Question

Let the two focii of an ellipse be (-1,0) and (3,4) and the foot of perpendicular from focus (3,4) upon a tangent to the ellipse be (4,6). Find (i) length of semi minor axis, (ii) foot of $\perp$ from focus (-1,0) upon the same tangent. (iii) equation of the auxiliary circle of ellipse. (iv) equations of the directrix.

• A. (i) $\sqrt{17}$, (ii) $(\frac{12}{5}, \frac{34}{5})$, (iii) $(x-1)^2 + (y-2)^2 = 25$, (iv) $x + y - 10 = 0$ and $5x + 5y - 46 = 0$
• B. (i) $\sqrt{17}$, (ii) $(\frac{12}{5}, \frac{34}{5})$, (iii) $(x-1)^2 + (y-2)^2 = 25$, (iv) $x + y - 10 = 0$ and $5x + 5y - 46 = 0$
• C. (i) $\sqrt{17}$, (ii) $(\frac{12}{5}, \frac{34}{5})$, (iii) $(x-1)^2 + (y-2)^2 = 25$, (iv) $x + y - 10 = 0$ and $5x + 5y - 46 = 0$
• D. (i) $\sqrt{17}$, (ii) $(\frac{12}{5}, \frac{34}{5})$, (iii) $(x-1)^2 + (y-2)^2 = 25$, (iv) $x + y - 10 = 0$ and $5x + 5y - 46 = 0$

Answer 1

Answer: (A), (B), (C), (D)

(i) Length of semi-minor axis: $\sqrt{17}$ (ii) Foot of $\perp$ from focus $(-1,0)$ upon the same tangent: $(\frac{12}{5}, \frac{34}{5})$ (iii) Equation of the auxiliary circle: $(x-1)^2 + (y-2)^2 = 25$ (iv) Equations of the directrices: $x + y - 10 = 0$ and $5x + 5y - 46 = 0$.

Answer 2

1. Center of Ellipse: The center $C$ is the midpoint of the foci $F_1(-1, 0)$ and $F_2(3, 4)$. $C = \left(\frac{-1+3}{2}, \frac{0+4}{2}\right) = (1, 2)$.

2. Distance between Foci (2c): $2c = \sqrt{(3 - (-1))^2 + (4 - 0)^2} = \sqrt{4^2 + 4^2} = \sqrt{32} = 4\sqrt{2}$. So, $c = 2\sqrt{2}$.

3. Semi-major Axis (a): The foot of the perpendicular from a focus to a tangent lies on the auxiliary circle. Thus, $P(4, 6)$ lies on the auxiliary circle centered at $C(1, 2)$. The radius of the auxiliary circle is $a$. $a = CP = \sqrt{(4-1)^2 + (6-2)^2} = \sqrt{3^2 + 4^2} = \sqrt{9 + 16} = \sqrt{25} = 5$.

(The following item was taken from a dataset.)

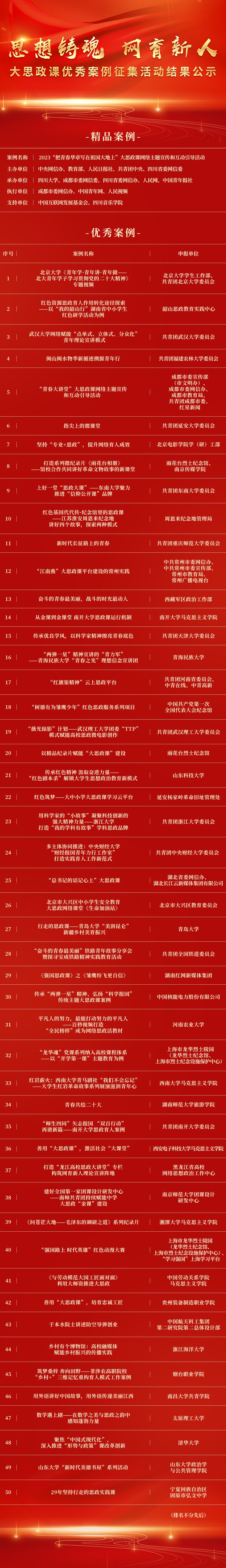 由中央網(wǎng)信辦網(wǎng)絡(luò)傳播局、共青團(tuán)中央宣傳部指導(dǎo),人民網(wǎng)、中國青年報(bào)社共同主辦的“思想鑄魂 網(wǎng)育新人”大思政課優(yōu)秀案例征集活動評選結(jié)果已經(jīng)產(chǎn)生,現(xiàn)對擬入選案例進(jìn)行公示,公示時(shí)間為1月20日至1月24日,公示期間歡迎社會各界監(jiān)督評議,有關(guān)意見可發(fā)送至郵箱eduyouth@163.com,我們將及時(shí)受理、認(rèn)真核查,公示期滿后將適時(shí)對外發(fā)布最終結(jié)果。

4. (i) Length of Semi-minor Axis (b): Using $a^2 = b^2 + c^2$: $5^2 = b^2 + (2\sqrt{2})^2$ $25 = b^2 + 8$ $b^2 = 17 \implies b = \sqrt{17}$.

5. (ii) Foot of $\perp$ from $F_1$ to the tangent: The slope of $F_2P$ is $m_{F_2P} = \frac{6-4}{4-3} = 2$. The slope of the tangent $T$ is $m_T = -\frac{1}{2}$. The line segment $F_1P'$ is perpendicular to the tangent $T$, so its slope is $m_{F_1P'} = 2$. The equation of the line $F_1P'$ passing through $F_1(-1, 0)$ with slope 2 is $y - 0 = 2(x - (-1)) \implies y = 2x + 2$. The equation of the tangent $T$ passing through $P(4, 6)$ with slope $-1/2$ is $y - 6 = -\frac{1}{2}(x - 4) \implies x + 2y - 16 = 0$. The intersection $P'(x', y')$ of $y=2x+2$ and $x+2y-16=0$ gives the foot of the perpendicular: $x + 2(2x+2) - 16 = 0 \implies 5x - 12 = 0 \implies x' = \frac{12}{5}$. $y' = 2(\frac{12}{5}) + 2 = \frac{24}{5} + \frac{10}{5} = \frac{34}{5}$. So, $P' = (\frac{12}{5}, \frac{34}{5})$.

6. (iii) Equation of the Auxiliary Circle: Center $C(1, 2)$ and radius $a=5$. $(x-1)^2 + (y-2)^2 = 5^2 \implies (x-1)^2 + (y-2)^2 = 25$.

7. (iv) Equations of the Directrices: The foot of the perpendicular from a focus to a tangent lies on the directrix for that focus. The slope of the major axis $F_1F_2$ is $m_{major} = \frac{4-0}{3-(-1)} = 1$. The directrices are perpendicular to the major axis, so their slope is $-1$.

   • Directrix for $F_2(3,4)$: Passes through $P(4, 6)$ with slope $-1$. $y - 6 = -1(x - 4) \implies x + y - 10 = 0$.
   • Directrix for $F_1(-1,0)$: Passes through $P'(\frac{12}{5}, \frac{34}{5})$ with slope $-1$. $y - \frac{34}{5} = -1(x - \frac{12}{5}) \implies 5y - 34 = -5x + 12 \implies 5x + 5y - 46 = 0$.